Du allein wirst Sterne haben,
die lachen können !“

Was mich damals gequält hat, und mich heute immer noch belastet, ist das „WARUM ?“

Und vor allem: WARUM kann mir keiner eine Antwort auf die vielen Fragen geben ?

Dienstag, zwei Tage nach der Geburt von Pascal, kam Philip in die Klinik. Er war ein Kollege meiner Schwester, und nach anfänglichen Schwierigkeiten verstanden wir uns mittlerweile richtig gut. Er saß nur da, hielt meine Hand und verdrückte seine Tränen….

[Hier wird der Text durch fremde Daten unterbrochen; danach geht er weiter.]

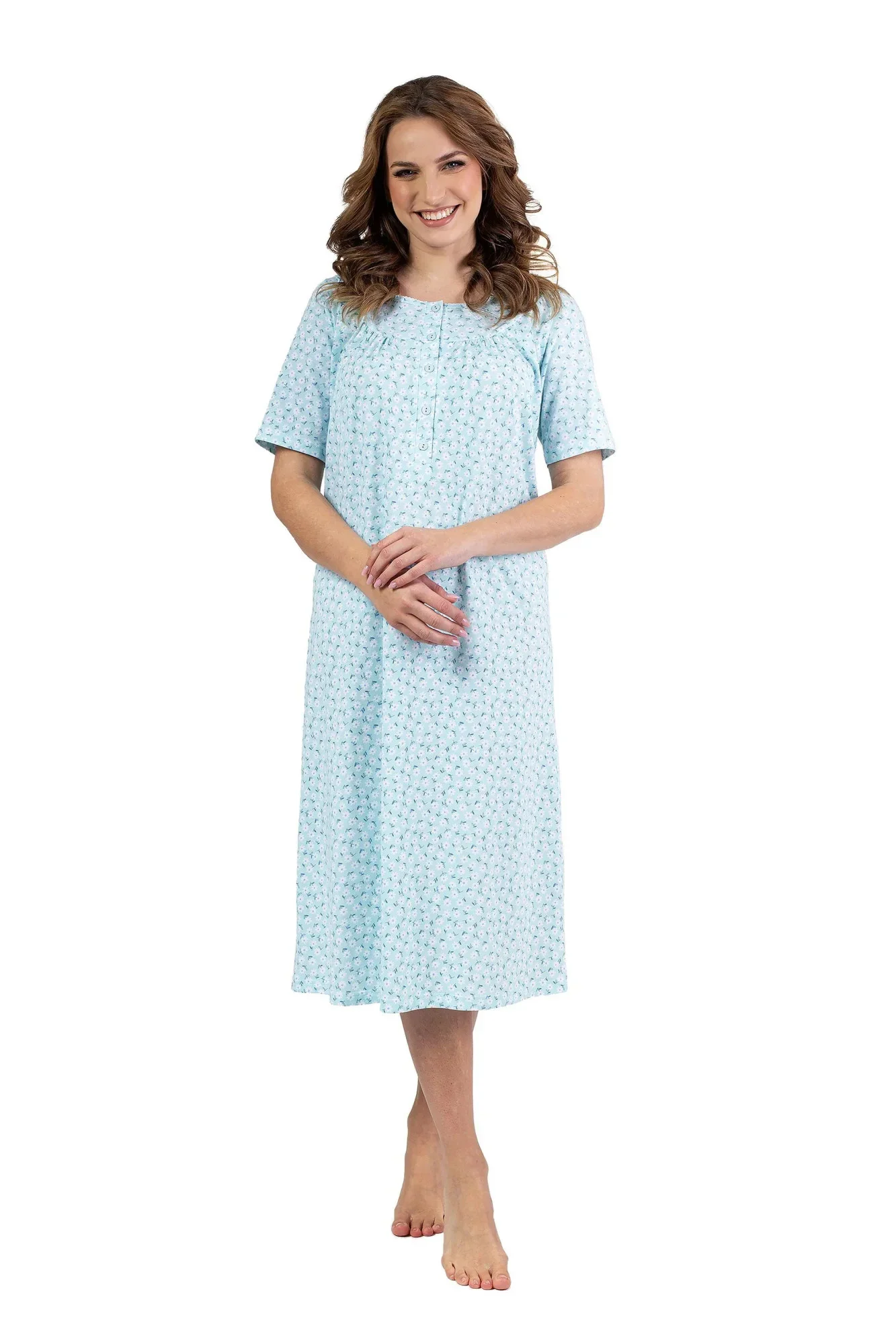 Noční košile 013 green plus REGINA - zelená barva - z vysoce jakostní bavlny - se vzorem - kulatý výstřih - krátké rukávy - zapínání na knoflíky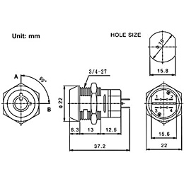 JK206B 4支端子, 通电方式on-on (1NO 1NC)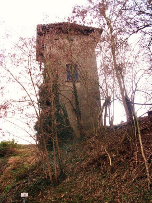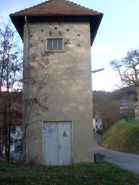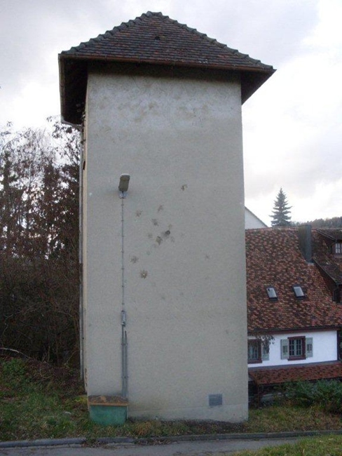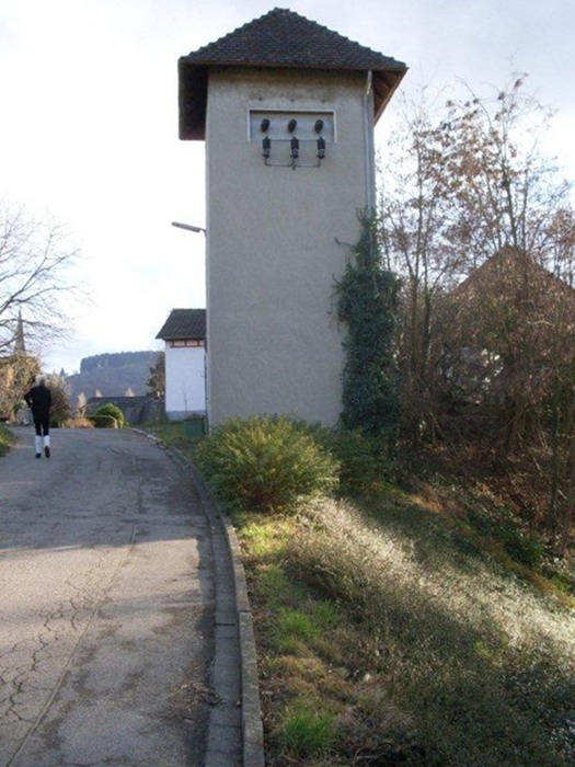 Die alte leerstehende Trafostation mit hübschem Pyramidendach steht Im Bohl, oberhalb der Hauptstraße und der Campingplätze.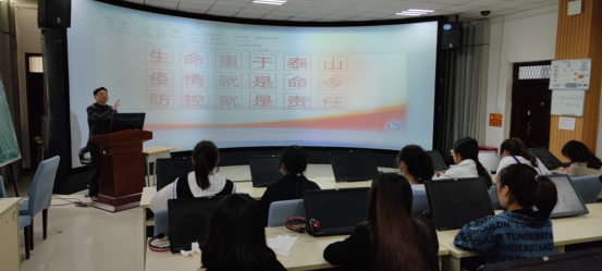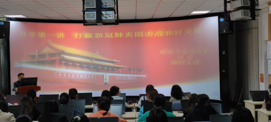 2021316日,为做好学院疫情防控工作,提高学生疫情防控意识,讲好中国抗疫好故事,旅游学院党总支书记刘岩书记在实训楼5102室组织入党积极分子进行开学第一讲—打赢新冠肺炎阻击战和歼灭战。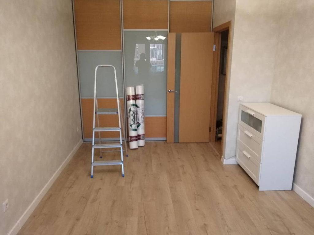 Фото 4. Напольное покрытие в спальне выглядит неотличимо от натурального деревянного.
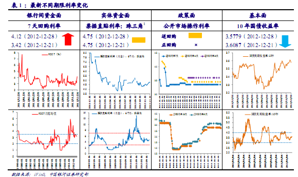 利率走势一览:年底相对平稳度过。银行间市场短期资金价格涨跌互现。14 天、21 天期限回购利率分别上升70、41bp;21 天、1 月期限回购利率分别下跌3、16bp,回购利率曲线整体向上凸出。年底资金面虽然持续紧张,但与过去两年相比处在相对平稳位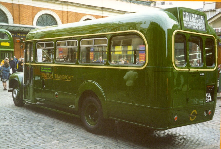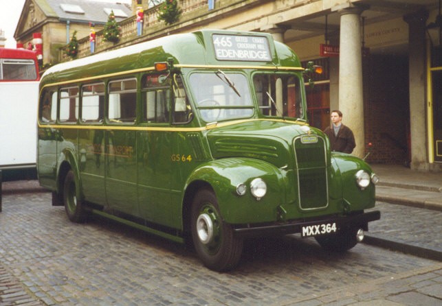 GS63 MXX 363 12/53 new to LT, Guy Special #44988, ECW B26F body #6410, LT body number 8228 1/54 HN into service (Hitchin) 7/55 HG on loan: used on 333 (Hertford) 1956 HN 10/57 HN delicensed, stored 12/57 HN to Aldenham overhaul 2/58 LS from overhaul, unlicensed (Luton) 3/58 HN transfer 9/58 loaned to Great Yarmouth Corporation MXX 361 swapped reg with 61. 7/59 GM returned from loan, into store (Victoria) 8/59 GY change store (Grays) 1960 GY in store 2/61 RE change store (Romford) 5/61 sold to Corvedale Motors, Ludlow, #6 MXX 361 Active Preservation, I.Davies, Knighton 9/07 at Merthyr Tydfil Rally GS64 MXX 364 12/53 new to LT, Guy Special #44994, ECW B26F body #6409, LT body number 8229 12/53 MA into service (Amersham) 6/54 MA used on 373 MA used on 345A 55-6 MA 5/57 MA to Aldenham overhaul 7/57 MA from overhaul, unlicensed 8/57 MA relicensed 58-61 MA 1962 MA used on 332 7/62 MA into store 8/62 MA to Aldenham overhaul 10/62 MA from o/h unlicensed 11/62 SV transfer (Stevenage) 9/63 SV into store 10/63 HG change store, 10/63 SV return to service 2/64 SV into store again 4/64 HG transfer (Hertford) 65-6 HG 5/67 HG delicensed, stored 7/67 SV change store 10/67 HF change store (Hatfield) 12/68 GY change store (Grays) 1/70 GY transfer to London Country (already withdrawn) 8/70 GR change store (Garston) 4/71 bought by Tillingbourne Valley Services; 10/72 withdrawn 1/74 sold to J.Lines of London (Preservation) 5/74 sold to J.P.Wood of Craven Arms (Numbered 1): Chuckie Chickens staff transport 4/76 active with J.P.Woods (It was still there early 1979) 6/79 bought for preservation: Sockett, Wolverhampton 8/85 bought by LT Museum. 1997 restoration completed for LT Museum. AG Active Preservation: kept at Ash Grove 12/98 AT Ash Grove-Covent Garden-Acton Depot run 8/03 active on Dorking Running Day 7/05 active on Knockholt Pound Running Day (471) 6/06 active on Hertford Running Day (388) 6/10 active on Hertford Running Day (308A, 329) 6/11 active at Hertford Running Day (308A, 333)
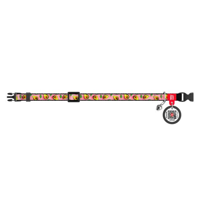 Нашийник для котів нейлоновий WAUDOG Nylon з QR паспортом, малюнок «Авокадо на рожевому», пластиковий фастекс, XS, Ш 10 мм, Дов 20-30 см, Одеса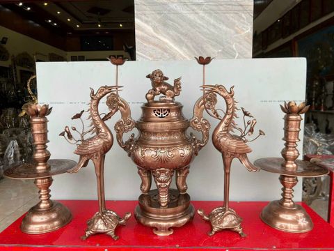 Bộ đỉnh đồng sòi 60cm đồng đỏ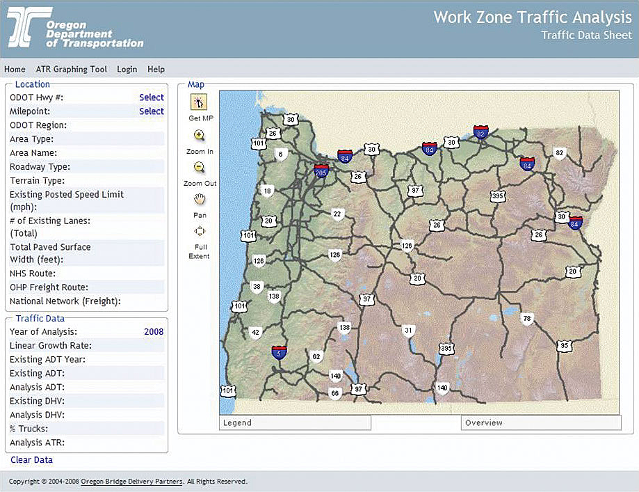 Using a GIS-based interface, ODOT analysts can select the location and other information for a specific project site from the map itself rather than tabular lists. In 2007, WZTA received the Team Excellence Pathfinder Award from the American Association of State Highway and Transportation Officials.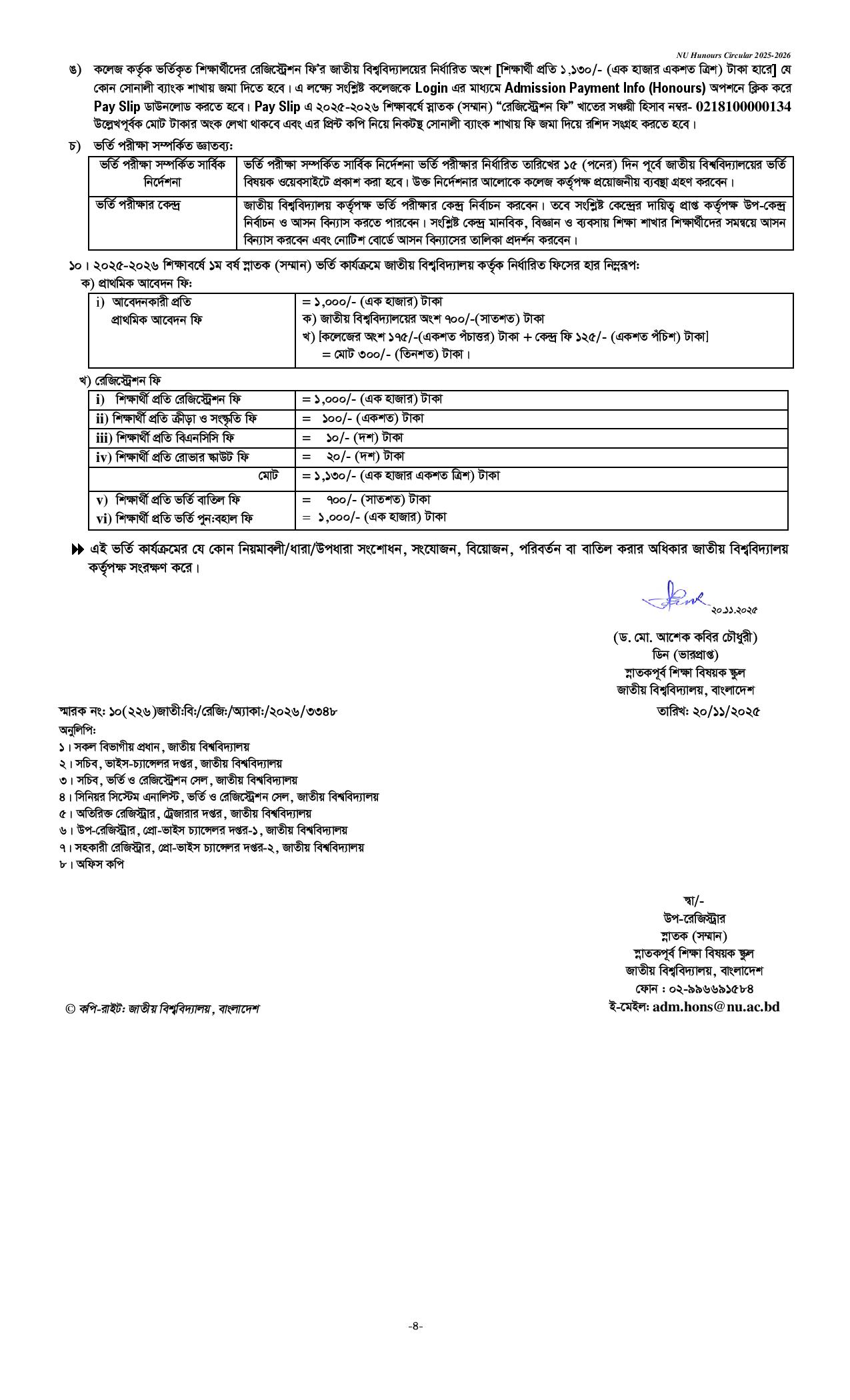 জাতীয় বিশ্ববিদ্যালয় অনার্স ভর্তি সার্কুলার ২০২৬

Von der Geburtsstation habe ich nach einem Zusammenbruch auch endlich ein Handtuch bekommen, das ich unbedingt haben wollte. Es ist wohl nur irgendein Handtuch, aber für mich ist es das, in das Pascal eingewickelt war. Ich brauchte einfach etwas zum festhalten, zum be-greifen. Auch heute liegt es immer bei uns im Bett.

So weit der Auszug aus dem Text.